The link between land changes and water availability is becoming increasingly important. Current plans in the basin have been focused on increasing the irrigated area. However, recent studies in this area point out the increasing relevance of consolidating the current irrigated area through alternative technological improvements in this region to avoid the abandonment of land [4]. Besides, these improvements are parallel to an increasing energy demand for irrigation. This dilemma has to be addressed as any decision has implications for water availability. In line with our findings, additional water resources will not be available in this region. This involves a low security of water supplies. Moreover, large energy costs and large modernization investments that have been carried out in recent years require to be recovered. Given this situation, it would be reasonable not to increase the irrigated area and consolidate and extend the current modernization processes to ensure the viability of existing farms without additional environmental pressures. However, future research to assess the interdependence of water, energy, and land through hydrological and economic evaluations would be of great value to design strategies to mitigate the effects of climate change.

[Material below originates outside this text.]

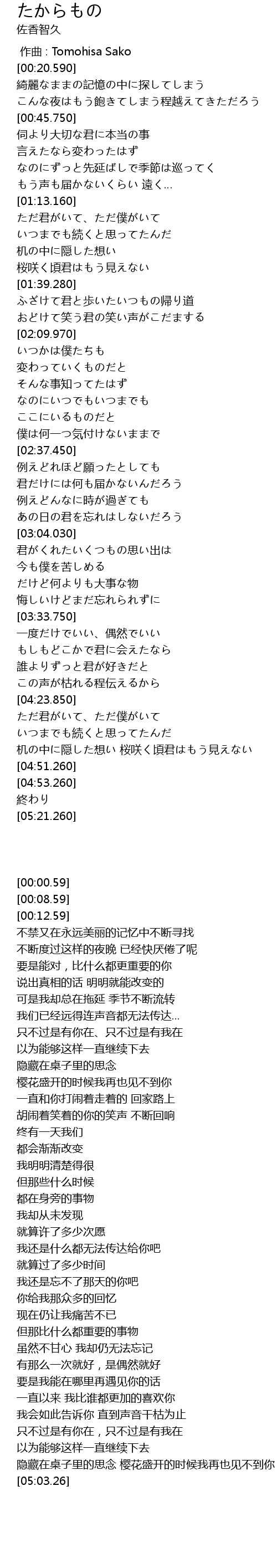 | [00:00.00] | zuò qǔ : Tomohisa Sako |

To conclude, the design of strategies to cope with water restrictions and ensure the availability of water should consider these observable findings. This work also serves to encourage further development of prevention and compensation policies, as well as to forecast future scenarios to solve existing environmental and social conflicts such as the failure of expectations of farmers.